You might need HTTPS for your website. There are many ways to add HTTPS for your web server. In this article, I will go over how to attach HTTPS for your simple EC2 web server using AWS services. It only requires a few more clicks.

Prerequisites

  • You already have an AWS account
  • You have an EC2 instance and an Elastic IP is associated with it
  • Your domain is managed in Amazon Route 53

Overall Architecture

Application Load Balancer (ALB) can associate with AWS Certificate Manager. Then the ALB connects the Route 53 and EC2 Web Server.

Architecture

Step 1: Simple Web Server

SSH into your EC2 instance. Here I assume that your EC2 instance has node.js and express-generator installed. If not, enter the following commands.

curl -o- https://raw.githubusercontent.com/nvm-sh/nvm/v0.34.0/install.sh | bash
. ~/.nvm/nvm.sh
nvm install node
npm install express-generator -g

With the following command, you can run a very simple web server at port 3000.

express simpler-server
cd simple-server
npm install
npm start

The public IP address for the EC2 is 52.78.99.169. You can enter the IP address followed by :3000 in the web browser address bar to ensure the web server you just launched works fine. (If you get a timeout, then it is likely that the security group is not allowing the port 3000)

Express server running

Step 2: Connecting Domain (No HTTPS Yet)

Let’s say, I have a domain mulchi.co. And I want to connect my web server to be accessed via http://simple.mulchi.co.

Go to Route 53 in the AWS console. Choose your domain then click Create record. I created an A record: The record name is simple.mulchi.co and the value is my EC2 public IP address.

Route 53 setting

After a few seconds, your EC2 web server can be accessed via your domain, in my case it is http://simple.mulchi.co:3000. Note that https://simple.mulchi.co:3000 is not working and Chrome Browser considers our server as Not Secure.

http://simple.mulchi.co:3000/

Step 3: AWS Certificate Manager

To enable HTTPS we need an SSL certificate for our domain. Go to AWS Certificate Manager in AWS Console.

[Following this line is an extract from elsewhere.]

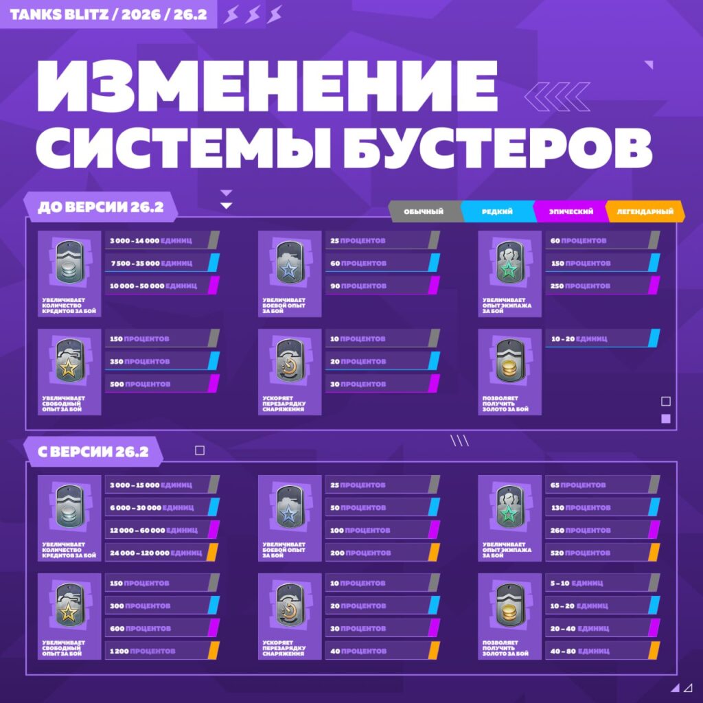 - У всех видов бустеров появится новый легендарный грейд.

You can easily get the certificate for your subdomain for free.

AWS Certificate Manager

We will associate that certificate with an ALB.

Step 4: Application Load Balancer

Our final component to create is Application Load Balancer (ALB). Go to EC2 -> Load Balancers -> Create Load Balancer

Create ALB

  • Choose Application Load Balancer
  • Set Load balancer name
  • Scheme as Internet-facing
  • Set VPC and subnet

ALB settings

  • Create a new security group that allows HTTP and HTTPS inbound traffics.

Security group for ALB

  • Choose the security group you just created.
  • Create a target group.

    • Choose Instances for the type
    • Set a target group name
    • Allow protocol HTTP and port 3000
    • Select your web server EC2 instance then click Include as pending below button
    • Click Create target group

Target group for EC2 web server

  • Change Listener Protocol as HTTPS and select the target group you created
  • Choose the SSL certificate you created in Step 3.
  • Click Create load balancer

ALB settings

Once the ALB is created, you need to adjust Listeners setting.

  • Choose the ALB you created then go to Listeners tab.
  • Click Add listener

Step 5: Adjust Route 53

Go back to Route 53 in the AWS console and choose the subdomain. Now it should be pointing to the ALB instead of an EC2 IP address.

Domain is now pointing to ALB

Step 6: Adjust Security Group for EC2

Now you only want the traffics coming from the ALB. You do not want any http://52.78.99.169:3000 kind of access.

Let’s create a new security group for the EC2 web server.

  • Go to EC2 -> Security Groups -> Create a security group
  • In Inbound rules section, you choose the ALB’s security group

Security group for EC2 web server

Associate the security group you just created with EC2

  • Go to EC2 -> choose the EC2 -> Actions -> Security -> Change security groups

Change security group for EC2

Change the Inbound rules. Remove the old security group and select a new EC2 security group. EC2 is now accepting traffics only from the ALB.

Change Inbound rules

Finally, the Chrome browser treat our web server as safe!

Our web server is now safe!

Conclusion

Usually, to achieve HTTPS, you need to install an SSL certificate in your EC2 server as well as Nginx. However, as long as you stick with Route 53 and ALB, you can not only use HTTPS but also redirect HTTP traffics to HTTPS without installing a certificate or add complicated configuration files.